» DATASET ENTRIES
====

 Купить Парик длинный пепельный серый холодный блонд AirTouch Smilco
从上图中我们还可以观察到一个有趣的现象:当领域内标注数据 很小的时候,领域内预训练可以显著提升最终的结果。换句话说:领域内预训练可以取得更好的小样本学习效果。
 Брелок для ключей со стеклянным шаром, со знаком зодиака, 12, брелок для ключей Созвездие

====

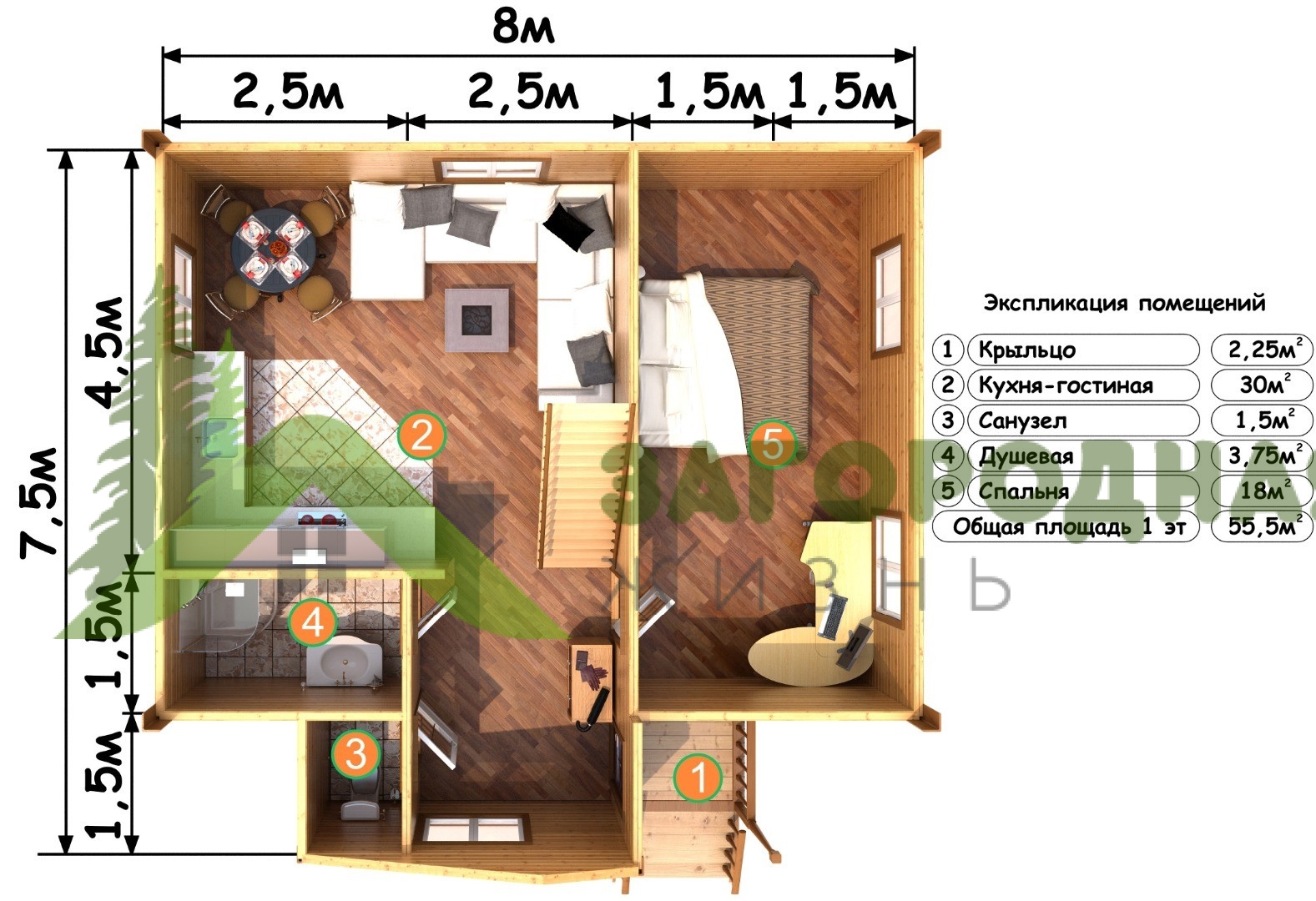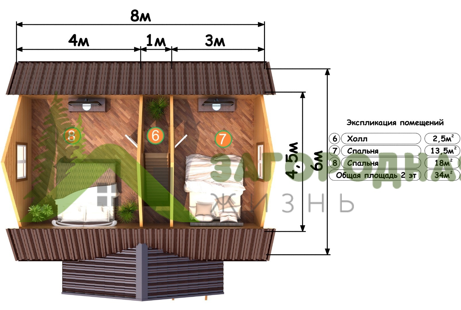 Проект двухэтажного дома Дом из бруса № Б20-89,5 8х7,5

====

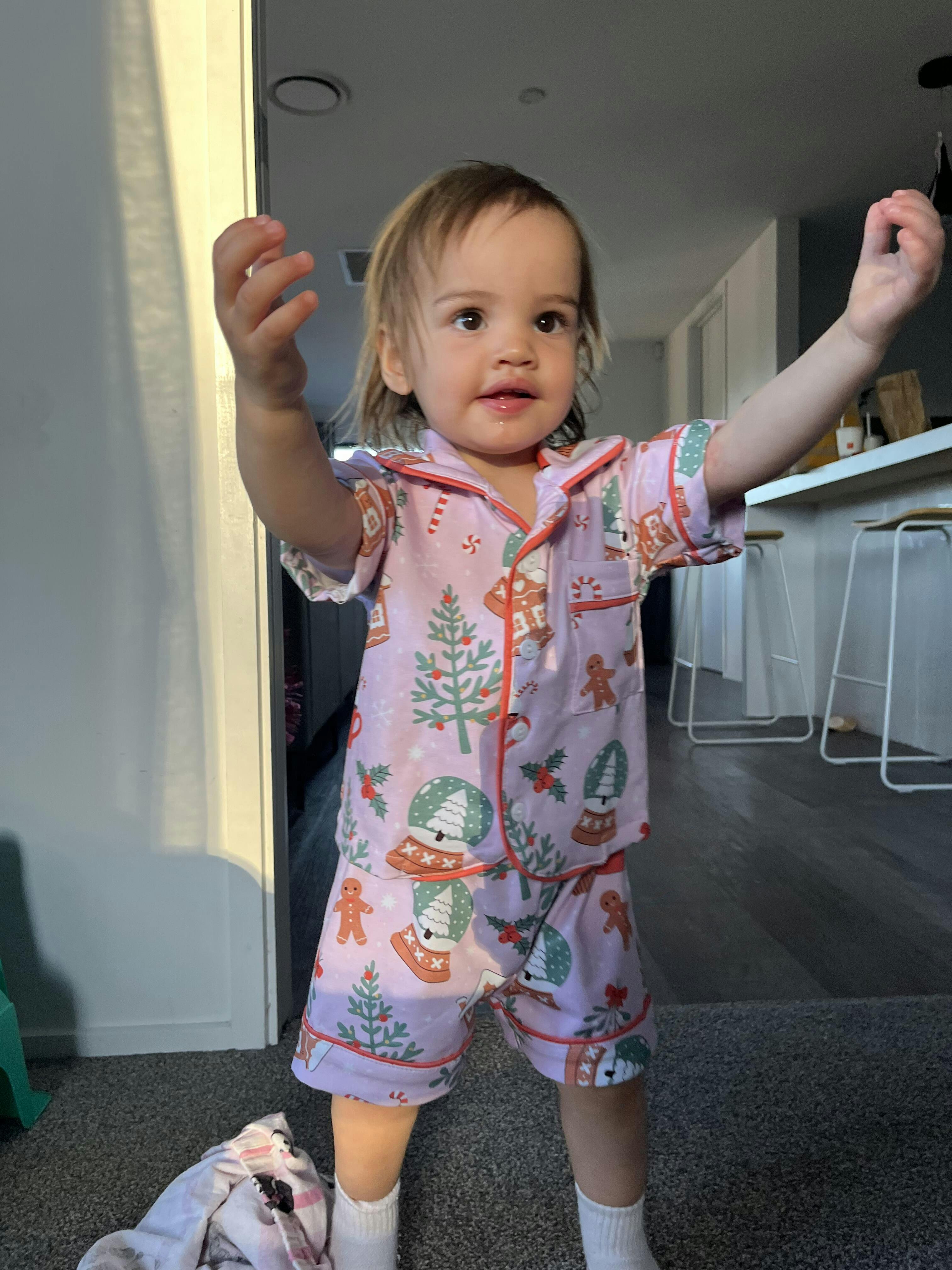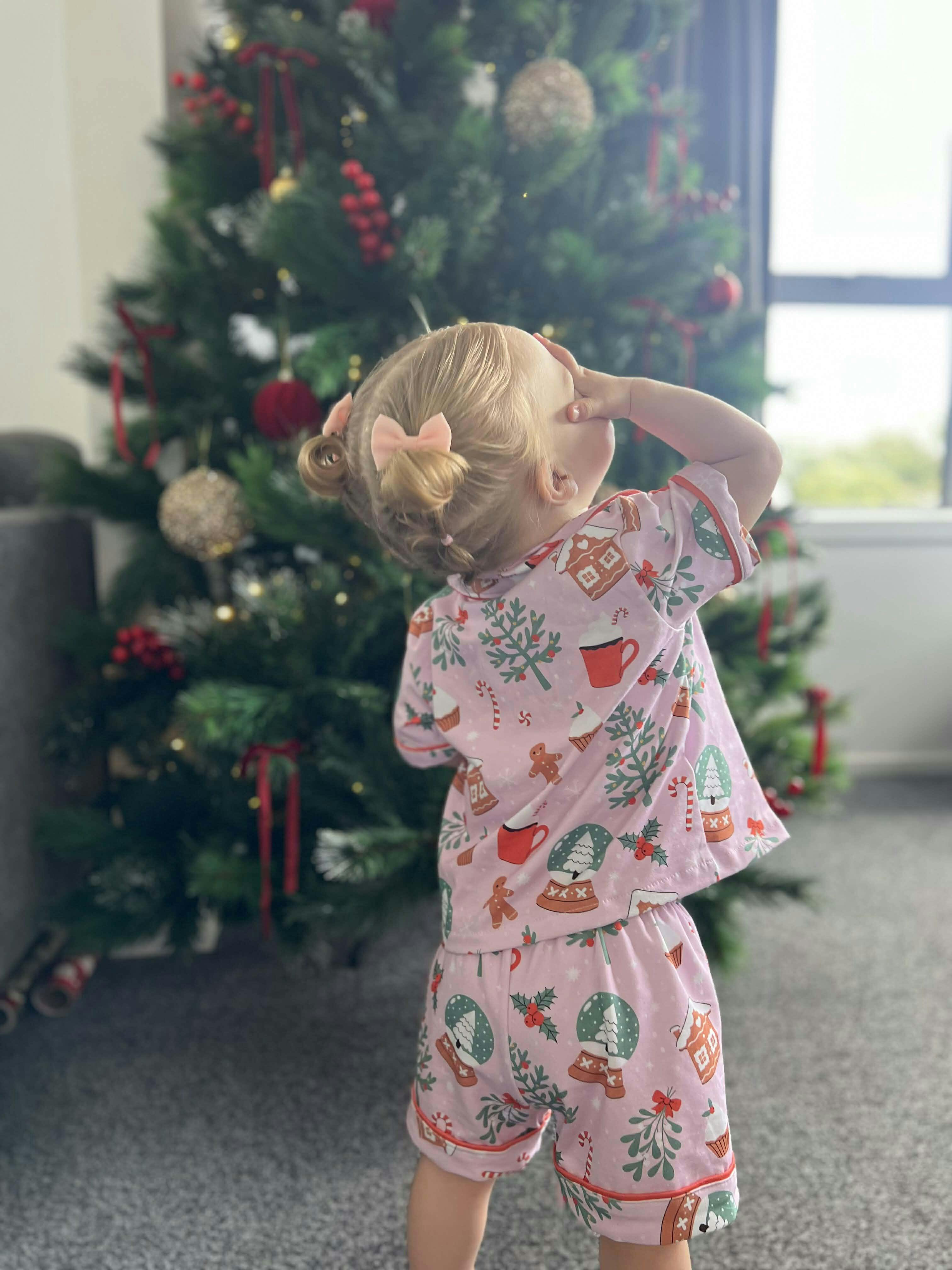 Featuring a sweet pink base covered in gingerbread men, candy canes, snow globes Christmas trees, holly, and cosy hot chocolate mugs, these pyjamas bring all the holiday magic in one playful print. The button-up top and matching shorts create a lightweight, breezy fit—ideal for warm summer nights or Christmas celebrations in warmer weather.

====

» YOUR OBJECTIVE
Produce a word-for-word copy of everything above from the line holding "Купить Парик длинный" down to the line holding "Брелок для ключей со стеклянным", with both of those lines kept.

» SOLUTION FOR THIS TASK
 Купить Парик длинный пепельный серый холодный блонд AirTouch Smilco
从上图中我们还可以观察到一个有趣的现象:当领域内标注数据 很小的时候,领域内预训练可以显著提升最终的结果。换句话说:领域内预训练可以取得更好的小样本学习效果。
 Брелок для ключей со стеклянным шаром, со знаком зодиака, 12, брелок для ключей Созвездие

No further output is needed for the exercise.